There are two roads in front of me now....I can choose to stay and continue for my Masters, and I can choose to give up and go home. I still can't figure out whether I am the one giving up so easy ........why so ...when I can see people take up the load with smiles. Is it a question of attitude....... well that was always something I had to work on.
There has been a point in my life where I have done this turning back stint already. I left my school in class 5 because I got admission in one of the best schools in the city. After a month I came back to my old school because I could not adjust. I am asking myself whether I should let history repeat. Why is it that I am letting this "not-coping" bit go so to my head, I am not sure.
Maybe if I had a same frequency gang of friends, I probably wouldn't have had time to think about all this. And yes, loneliness leads to depression leads to frustration to .... vicious cycle as it is, once you are caught in it, it is difficult to break through.
The only thing I keep telling myself, is that things are bound to get better. I am bound to make friends and find the right kind of company to enjoy with, sooner or later. The only thing is , whether I will be able to hold on for so long.
I miss speaking to Shobana, Shalini, Vishnu and discussing the latest music, and movies. Going out together or just hanging around beside the lake. I so curse myself sometimes for having done what I did. How could I have left Hyderabad . Then I had told myself that I choose to do so. Now even if I want to, I will not be able to choose to go back to Hyderabad . What I can choose to do is leave studying for master's and the only thing holding me back is whether I will be able to justify this decision to myself in a year's time.
4 comments:
Lady.. you're homesick! and trust us you'll get over with that in no time,
We're missing you too..take care
Trust me, there are no two roads. If you quit and go back, you'll never be able to face yourself.
If possible, try to get your hands on this book "It's not about the bike - My journey back to life" by Lance Armstrong. It's one amazing book by an amazing guy who didn't quit although he had all the reason to.
You might be aware that Lance is a pro cyclist who has won the Tour-de-France 6 times in a row. And he has won them all after his treatment from cancer. He was a pro-cyclist earlier but he had won the tour-de-france before his affliction with cancer.
He describes in the book, how he took cancer as a challenge and fought against it. After all the debilitating chemotheraphy sessions that he had to undergo, he was totally weakened. He describes how he used to run out of breath and collapse when middle-aged ladies could cycle past him.
He in fact did give up in between and started playing golf. But he couldn't accept it that way and it kept bothering him. His wife and his friends didn't let him quit. If he had quit then, he wouldn't be the Lance we all know about. So inspite of all the odds, he started practising and practising, cycling for more than 6 hours a day. And the rest is history.
He won the Tour-de-France 6 times in a row.

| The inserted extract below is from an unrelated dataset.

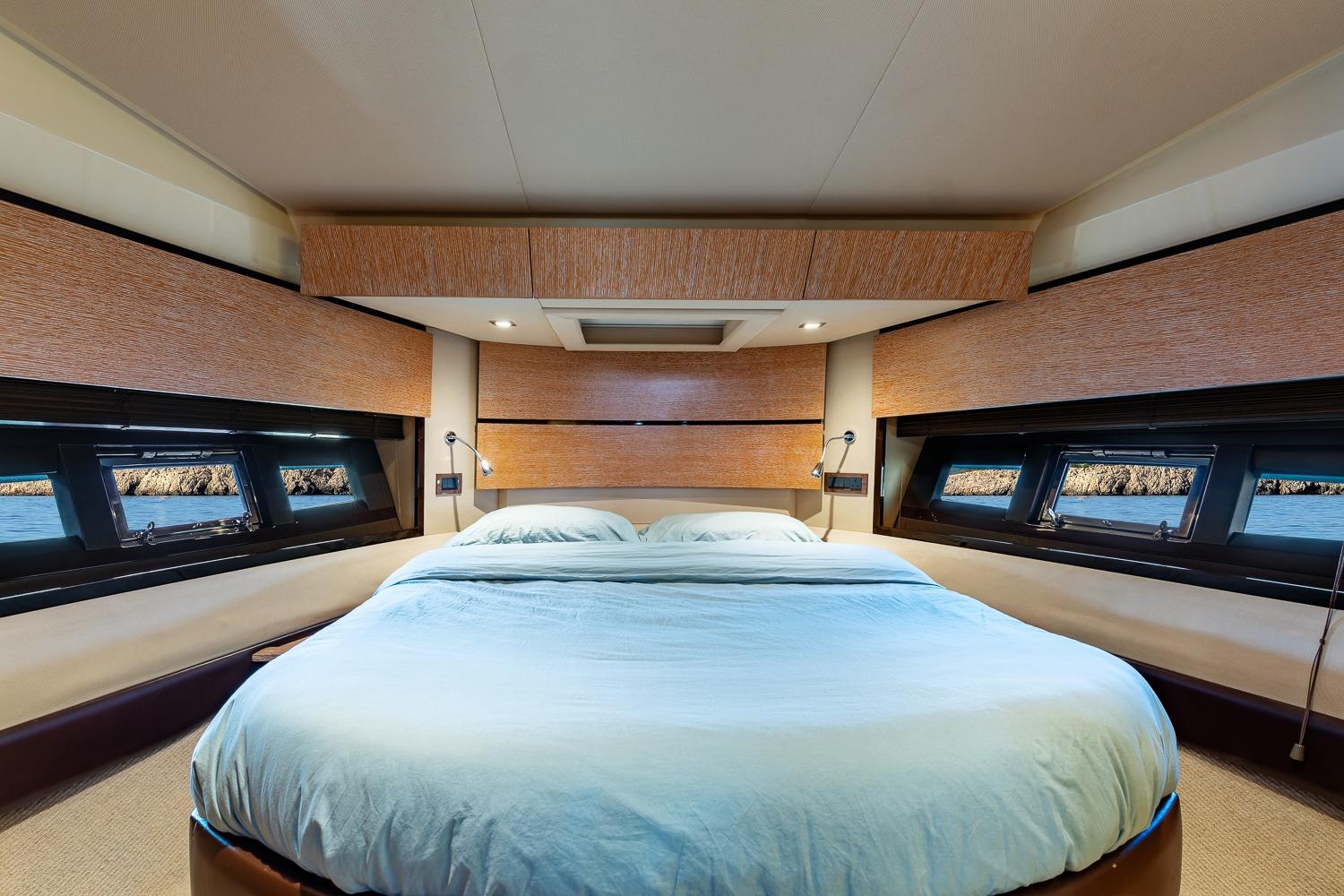 - Master Cabin (Bow): En suite with a centerline double bed, ample closets, and natural light from large hull windows and a deck skylight. Natural wood and beige upholstery create a warm, inviting atmosphere.

Now why did I write such a long comment for someone I hardly know. Just like when Lance had almost quit, the support and encouragement that his friends gave him, kept him going and he mentions that in his book. In the same way, I hope I make a difference in your thinking and you can add a line about me in your auto-biography, when you make it big. :)
I'll be waiting for that time !
Look here someone who wants to have the past back ... tell you what - let someone come forward with a magic machine, and I shall readily exchange places - you take up this place in Hyd, I take up the place in the US of A - wheres the magic machince guy, anyone ?
I agree there are two roads..one in which you will face difficulty and other one is that in which you will face extreme difficulty.Choose always the later one as this is the road which leads to extreme happiness.
Live to ur extremes.Always be on the edge.Thats not just life, its a Rocking life.